We project the three HaCaT signaling patterns averaged across three CoGAPS simulations and associated with the HaCaT forced over-expression (HaCaT-HRASVal12D, HaCaT-EGFRWT, and HaCaT-p65WT) onto the gene expression data for HNSCC cell lines UMSCC1 and 1CC8. As previously described, this pair of cell lines are isogenic sensitive and resistant HNSCC lines, respectively [8]. Thus, we can infer whether the signaling-related gene expression signatures elucidate the molecular mechanisms underlying cetuximab resistance in this pair of cell lines to potentially model cetuximab resistance in HNSCC. Figure 5 summarizes the relative CoGAPS inferred signature activity in UMSCC1 with and without cetuximab treatment, and 1CC8 with and without cetuximab treatment. The signatures associated with modulation of EGFRWT, p65WT and HRASVal12D are all significantly larger in 1CC8 than UMSCC1 (p-value of 7x10-4 for the HaCaT-HRASVal12D signature, 8x10-5 for the HaCaT-EGFRWT signature, and 5x10-3 for HaCaT-p65WT signature). Treatment with cetuximab in the sensitive cell line UMSCC1 further reduces the activity in HaCaT-HRASVal12D (p-value 0.042) and HaCaT-p65WT (p-value 0.004), but upregulated the signature associated with HaCaT-EGFRWT (p-value 0.13). A similar trend is observed for 1CC8 (p-value of 0.007 for HaCaT-EGFRWT and 0.0008 for HaCaT-p65WT). However, whereas treatment with cetuximab reduces the HaCaT-HRASVal12D signature in the sensitive cell line UMSCC1, it has no effect on treatment in the resistant cell line 1CC8 (p-value of 0.23).

Figure 5

CoGAPS signature in UMSCC1 and 1CC8 cell lines. Box plot of the P matrix resulting from projecting the CoGAPS inferred gene expression signatures for (a) HaCaT-HRASVal12D, (b) HaCaT-EGFRWT, and (c) HaCaT-p65WT onto gene expression data for UMSCC1 (left group) and 1CC8 cell lines (right group). Results for data treated with cetuximab are colored in red (right in each group) and untreated are colored in blue (left in each group).

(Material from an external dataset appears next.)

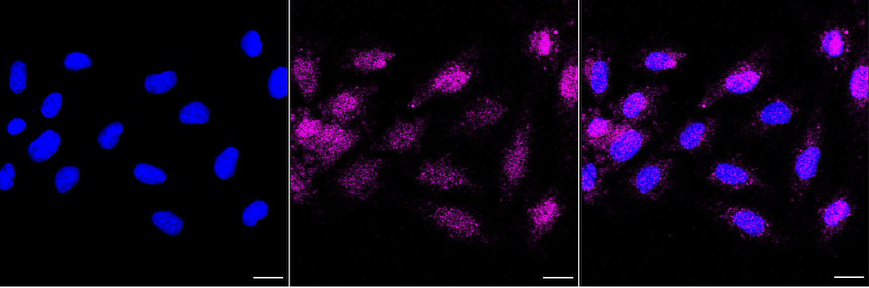 Immunocytochemical staining of H9c2 cells with TFE3 antibody. Nuclei were stained blue with DAPI; TFE3 was stained magenta with Alexa Fluor? 647. Images were taken using Leica stellaris 5. Protein abundance based on laser Intensity and smart gain: Medium. Scale bar, 20 μm.
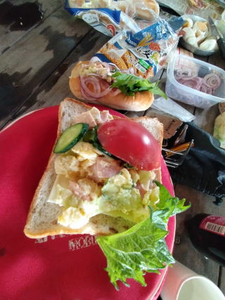 サンドイッチだから用意は早い、せいぜいゆで卵の皮をむいて切るぐらい。

CoGAPS demonstrated improved ability to correctly infer patterns with even subtle transcriptional differences because this algorithm can accurately account for gene re-use [12, 19, 39]. In contrast to linear models, CoGAPS seeks gene expression signatures with minimal structure. As a result, the signatures inferred with CoGAPS are more similar than those inferred with linear models. Therefore, these CoGAPS expression signatures reveal degrees of activation of the pathways downstream of EGFR due to pathway cross-talk, unlike the standard gene set test or permutation gene set analysis for linear models. For example, only the CoGAPS analysis can detect the modest RAS and STAT signals associated with forced expression of EGFR and HRAS in HaCaT cells. Moreover, the sparsity in the CoGAPS prior ensures that gene expression amplitude is assigned only to pertinent patterns. As a result, while the linear model assigns Notch activity to each of the forced expression signatures, CoGAPS correctly assigns this global signature to the background term.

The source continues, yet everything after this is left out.